BodyHW[["repCategory"]] <- ifelse(BodyHW$repBMI < 18.50,"underweight",
ifelse(BodyHW$repBMI >= 18.50 & BodyHW$repBMI < 25.00, "healthy",
ifelse(BodyHW$repBMI >= 25.00 & BodyHW$repBMI < 30.00, "overweight", "obese")))
After determining what a participant’s health status would be based on their BMIs, the histograms show that are many self-reported BMI that differs from the actual BMI significantly.
ggrepBMI1 <- ggplot(BodyHW, aes(x=repBMI, fill=repCategory, na.rm = TRUE))
ggrepBMI1 + geom_histogram(bins=40, na.rm = TRUE) + labs(title="BMI based on Self-Reported Measurements", x="Self-reported BMI", y="Count")
ggABMI2 <- ggplot(BodyHW, aes(x=BMI, fill=ActualCategory))
ggABMI2 + geom_histogram(bins=40) + labs(title="BMI based on Actual Measurements", x="Actual BMI", y="Count")
As a result, the table below highlights that there are 8 reports of healthy BMI when in fact they are actually 3 overweight and 5 underweight participants. Having the belief that one is healthy when in fact they are not, can lead to more serious risk because they might not pay attention to their health if there is not a need. Other cases included 9 reports of overweight and 1 report of underweight when in fact they are healthy, and 2 reports of obese when they are overweight.
Moreover, the table reveals that males are more likely to be under the impression that they are overweight when in fact they are healthy, and vice versa. Females, however, would have thought to be healthy when they are in fact underweight.
rows <- which(BodyHW$ActualCategory!=BodyHW$repCategory)
table(BodyHW[rows, c("sex","repCategory","ActualCategory")])
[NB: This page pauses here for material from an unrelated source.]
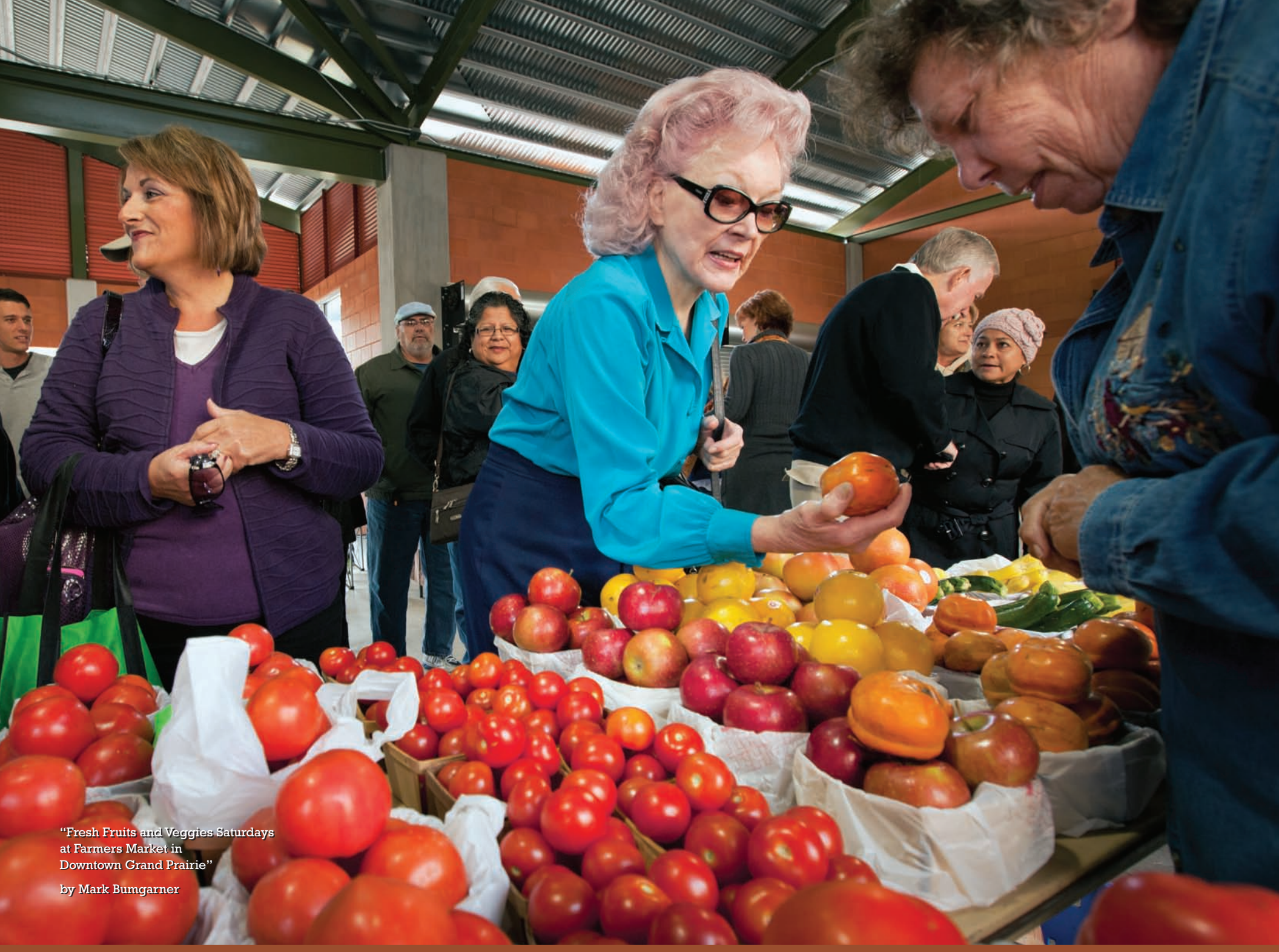
For the latest information on everything in Grand Prairie, log on to gptx.org, find "City of Grand Prairie" on Facebook, or cityofgptx on YouTube.com

## , , ActualCategory = healthy
##
## repCategory
## sex healthy obese overweight underweight
## F 0 0 1 1
## M 0 0 8 0
##
## , , ActualCategory = overweight
##
## repCategory
## sex healthy obese overweight underweight
## F 0 1 0 0
## M 3 1 0 0
##
## , , ActualCategory = underweight
##
## repCategory
## sex healthy obese overweight underweight
## F 5 0 0 0
## M 0 0 0 0
In conclusion, 11% of the individuals can be mislead by their BMI measurements because of incorrect estimation of either their weight or height or both. Four percent of males could have been under the impression that they are overweight when they are instead healthy, and 2% of the females could have been misled to be healthy when they are instead underweight. However, this does not imply that, for example, an incorrect BMI categorization of obese for overweight, is not as alarming. In such cases, individuals should still pay close attention to their consumption and exercise activities. This is also the recommendation for individuals who had incorrect BMI categorization of underweight but are healthy. It is key that every individual, no matter their BMI category, should remain determined to maintain a BMI status of healthy, i.e. well between 18.5 kg/m2 to 24.9 kg/m2, particularly those at the cut-offs between categories and especially those who are obese.